GIVEN INFORMATION:
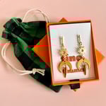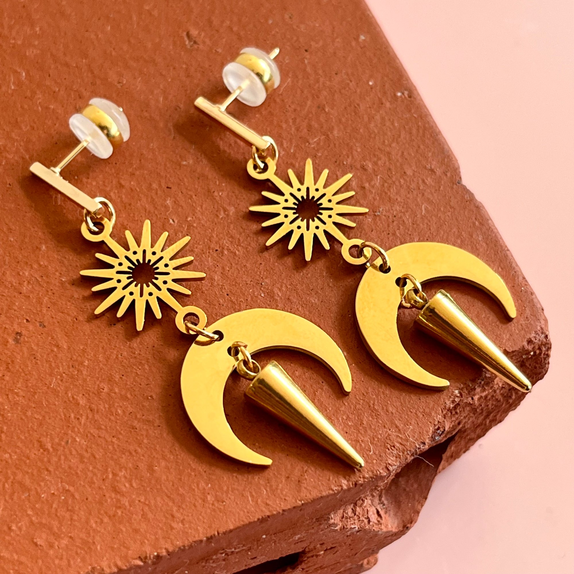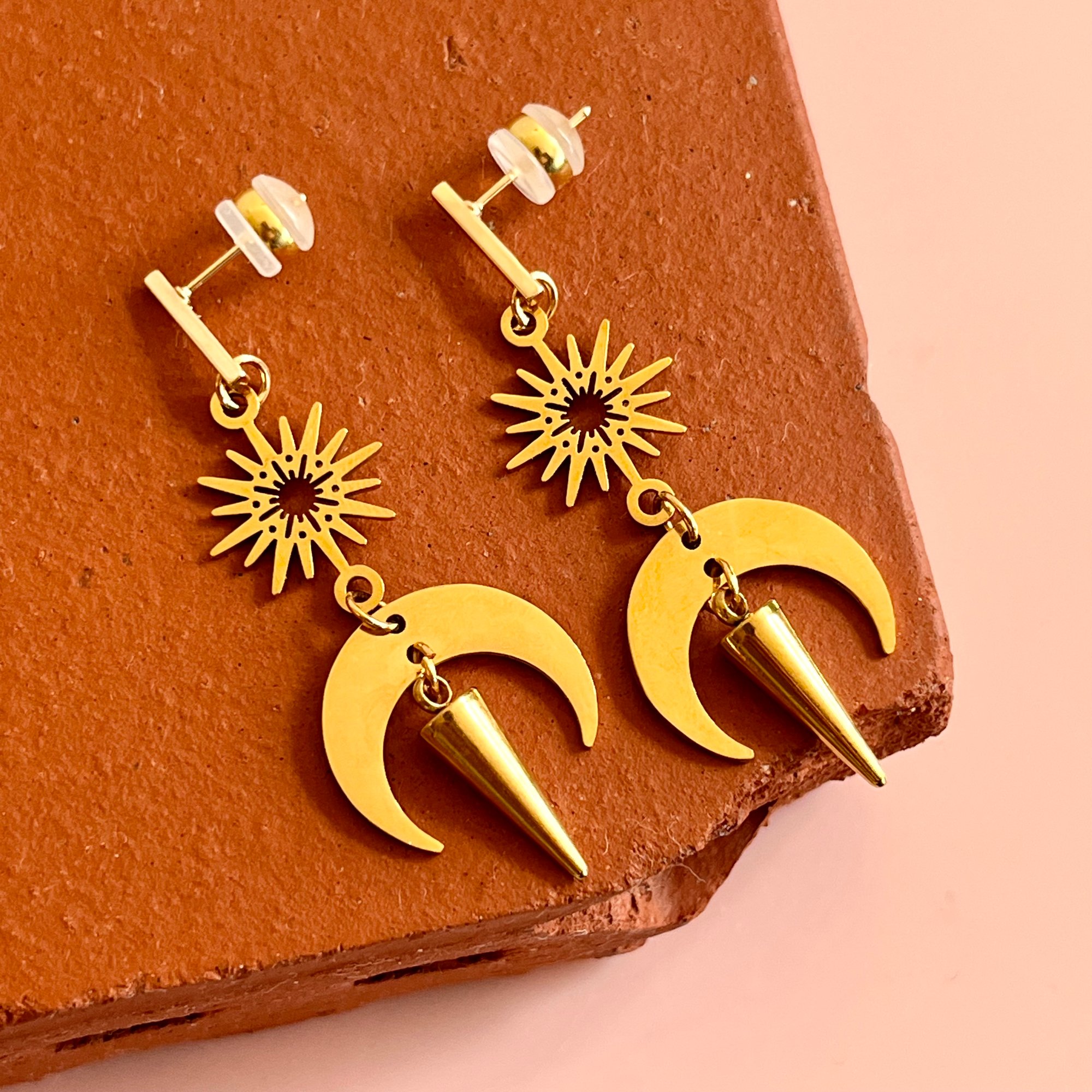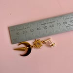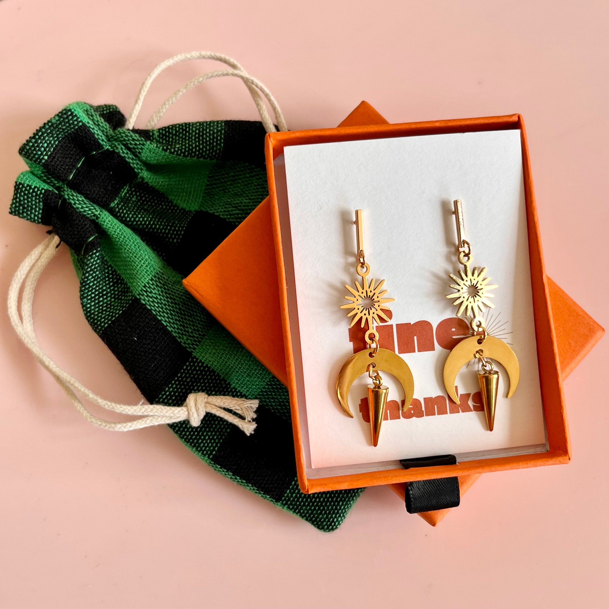 Part of the Fine Thanks range - this pair features a stainless steel plated sunburst connector, a moon connector and a spike charm on an 18k gold plated rectangular ear stud. Size of drop 55mm. Comes in a cute box and gift bag.
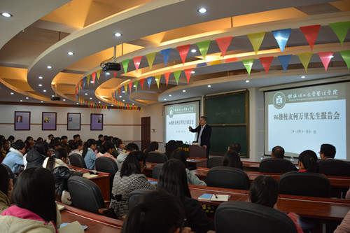 11月11日,时值母校甲子校庆,我校86级校友、湖北省旅游酒店投资管理专家、国内现代产业园开发运营领军人物、融园投资控股集团董事长何万里先生回访母校,与老师、同窗共叙昔日情谊,与学弟学妹分享求学与工作经历,与我校师生进行了精彩的交流。报告交流会由学院副院长蒙永亨主持。
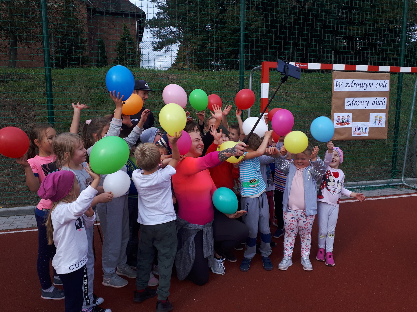 Bardzo ciekawe zajęcia ruchowe poprowadzili zaproszeni przez panią dyrektor goście: pani Karolina Koszela, która jest Mistrzynią Świata WPA w Trójboju, a także wielokrotną Mistrzynią Polski i Europy w boksie oraz pan Bartosz Zieliński, który jest trenerem personalnym,instruktorem oraz zawodnikiem biegów ekstremalnych z przeszkodami. Był to dzień pełen atrakcji i niespodzianek.

EXERCISE BRIEF: Working from the line containing "11月11日,时值母校甲子校" to the last line of the data, retype every line exactly, both ends included, and leave out all pictures.

TASK RESULT:
 11月11日,时值母校甲子校庆,我校86级校友、湖北省旅游酒店投资管理专家、国内现代产业园开发运营领军人物、融园投资控股集团董事长何万里先生回访母校,与老师、同窗共叙昔日情谊,与学弟学妹分享求学与工作经历,与我校师生进行了精彩的交流。报告交流会由学院副院长蒙永亨主持。
 Bardzo ciekawe zajęcia ruchowe poprowadzili zaproszeni przez panią dyrektor goście: pani Karolina Koszela, która jest Mistrzynią Świata WPA w Trójboju, a także wielokrotną Mistrzynią Polski i Europy w boksie oraz pan Bartosz Zieliński, który jest trenerem personalnym,instruktorem oraz zawodnikiem biegów ekstremalnych z przeszkodami. Był to dzień pełen atrakcji i niespodzianek.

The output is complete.